One aspect of the perennial “I wish I was a farmer 300 years ago instead of having to answer emails” “no you don’t, that shit sucks” discourse that doesn’t get talked about quite so often is that half the fantasy isn’t about not having problems and stressors, it’s the fantasy of knowing how to deal with those problems and stressors.
Life comes at us fast now—and it came at us just as fast then, to be perfectly candid. But, for the most part crises in the past seem to us to be understandable, to be precedented. I’m sick. That plant isn’t growing enough. Taxes are too high. The sea peoples are raiding us. All bad, all far far worse than emails. But they were established, or rather, in hindsight they look established.

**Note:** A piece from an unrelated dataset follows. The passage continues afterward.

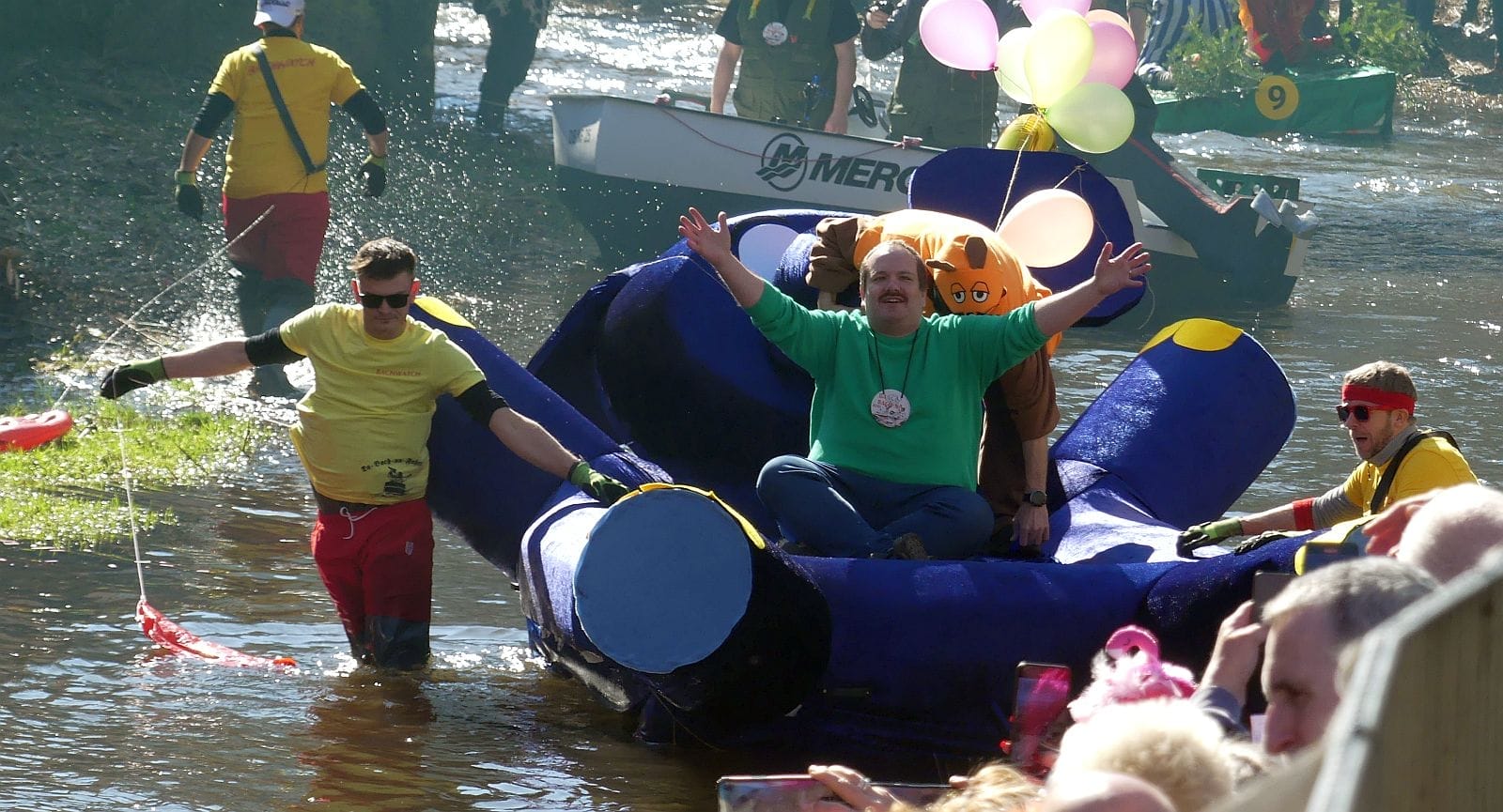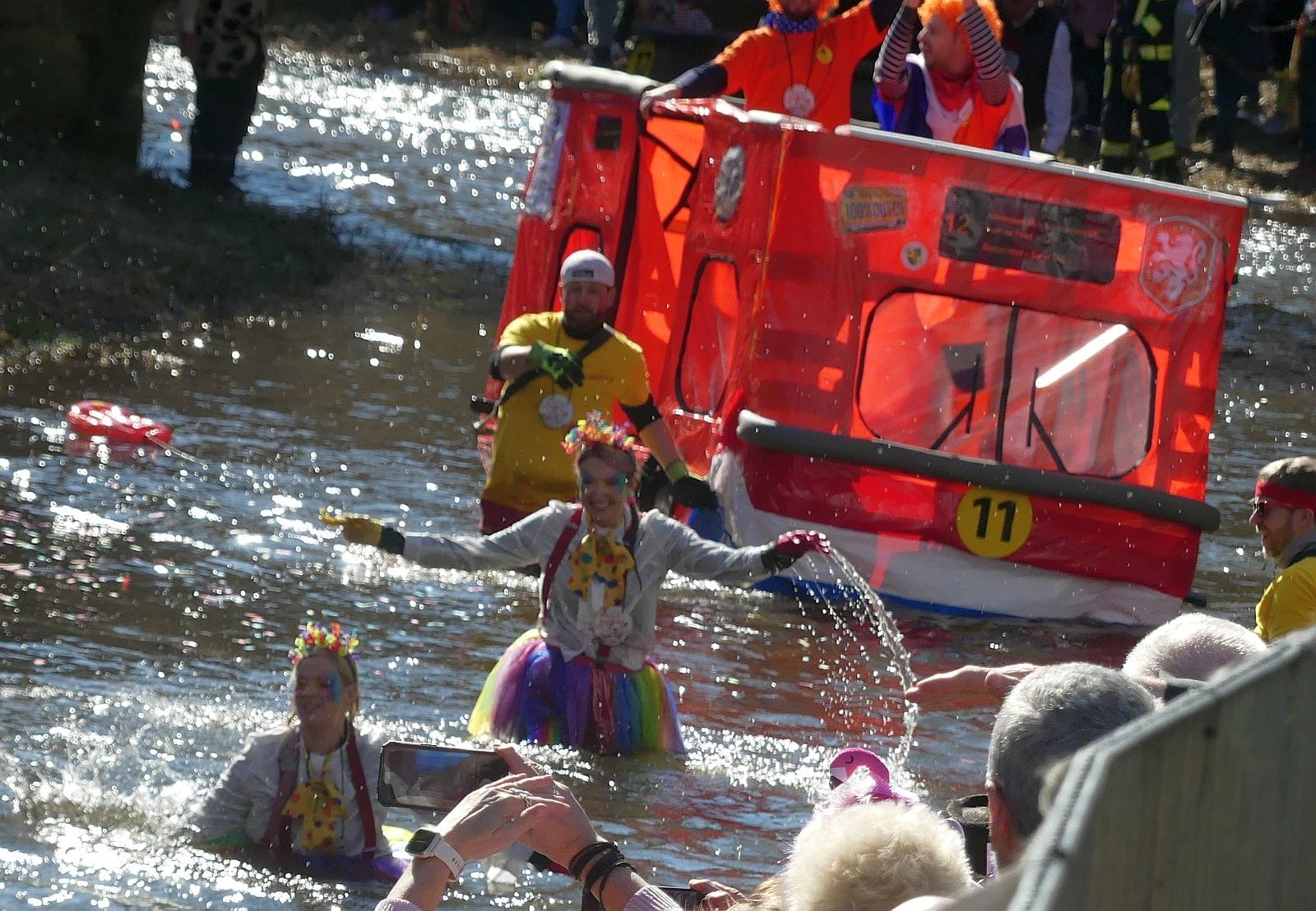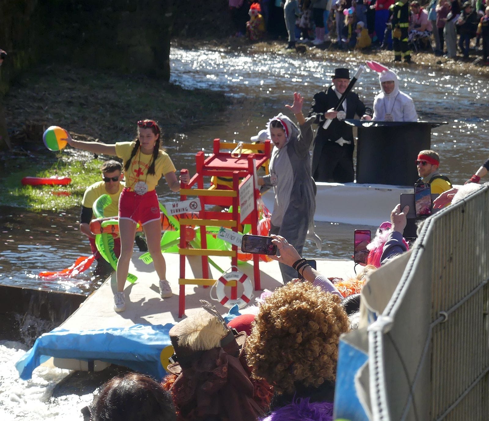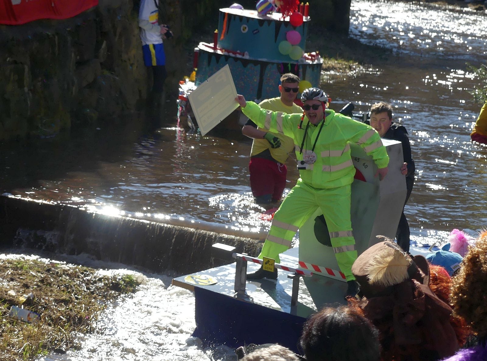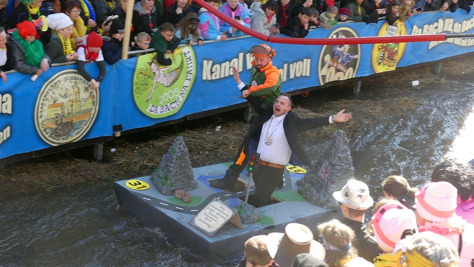 Die Da- Bach-Na-Fahr war wieder ein tolles Erlebnis. Bei vier grad Wassertemperatur, die Sprecher Hettich bekannt gab, vermieden die meisten das freiwillige Bad im Kirchenbach. Schrambergs OBine schaffte es und kam furztrocka ins Ziel. Nach knapp einer Stunde hatten es alle ins Ziel geschafft – irgendwie halt, furz-trocka oder batsch-nass. Natürlich gabs auch wieder einen Schwarzfahrer und die Stadtmusik vorneweg in Gummibootle. In unserer Galerie am Schluss, warum auch immer. Sagen wir, es war die KI, oder Trump oder die Ampel. „Ich doch ned…“

Surely, we imagine, a farmer in 1700 would look at [whatever problem is happening to them] and remember grandpapa talking about when [exactly this problem] happened to him and what he did about it, and from that, surely our 1700s farmer would know how to fix it! Which is much better than me, staring at my emails about [some unprecedented crazy modern bullshit] and not knowing how to respond!

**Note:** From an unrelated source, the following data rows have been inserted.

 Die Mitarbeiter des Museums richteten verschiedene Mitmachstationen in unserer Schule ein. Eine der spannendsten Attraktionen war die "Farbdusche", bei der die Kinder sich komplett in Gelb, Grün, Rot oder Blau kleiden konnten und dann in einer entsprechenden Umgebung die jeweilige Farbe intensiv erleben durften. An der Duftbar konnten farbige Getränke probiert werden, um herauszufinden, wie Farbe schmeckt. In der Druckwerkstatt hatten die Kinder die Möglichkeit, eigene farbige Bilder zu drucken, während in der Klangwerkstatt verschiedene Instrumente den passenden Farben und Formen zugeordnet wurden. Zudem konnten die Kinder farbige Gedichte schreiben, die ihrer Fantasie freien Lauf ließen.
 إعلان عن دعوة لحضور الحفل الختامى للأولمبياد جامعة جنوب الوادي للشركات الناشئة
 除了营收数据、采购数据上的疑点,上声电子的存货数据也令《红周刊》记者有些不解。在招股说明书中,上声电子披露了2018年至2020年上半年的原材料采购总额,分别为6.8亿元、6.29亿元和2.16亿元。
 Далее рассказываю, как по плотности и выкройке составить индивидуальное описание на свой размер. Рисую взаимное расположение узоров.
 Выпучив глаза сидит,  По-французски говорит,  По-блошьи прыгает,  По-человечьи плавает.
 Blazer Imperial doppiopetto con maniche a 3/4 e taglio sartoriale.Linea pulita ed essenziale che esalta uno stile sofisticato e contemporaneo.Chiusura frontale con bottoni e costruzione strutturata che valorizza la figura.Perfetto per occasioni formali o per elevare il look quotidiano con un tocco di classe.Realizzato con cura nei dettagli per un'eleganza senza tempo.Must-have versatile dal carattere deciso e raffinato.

This is of course just as much a fiction “everything was easy for subsistence farmers” thing, but unlike that one, basic historical fact isn’t enough to dispel it, partly because I’m sure that in the past as now there were plenty of people who did know what they were doing, (or at least were confident in whatever ridiculous answer they came up with) and partly because it’s much harder to know “how stressed each individual was about the crop failure” vs. “they starved or didn’t starve”
Basically, we’d do better if we engaged with this side of those fantasies as well, acknowledging the very legitimate place it comes from, instead of just debunking the easily disproven blatantly counterfactual side and acting like anyone who engages with such an attractive fantasy is de facto ignorant of historical realities.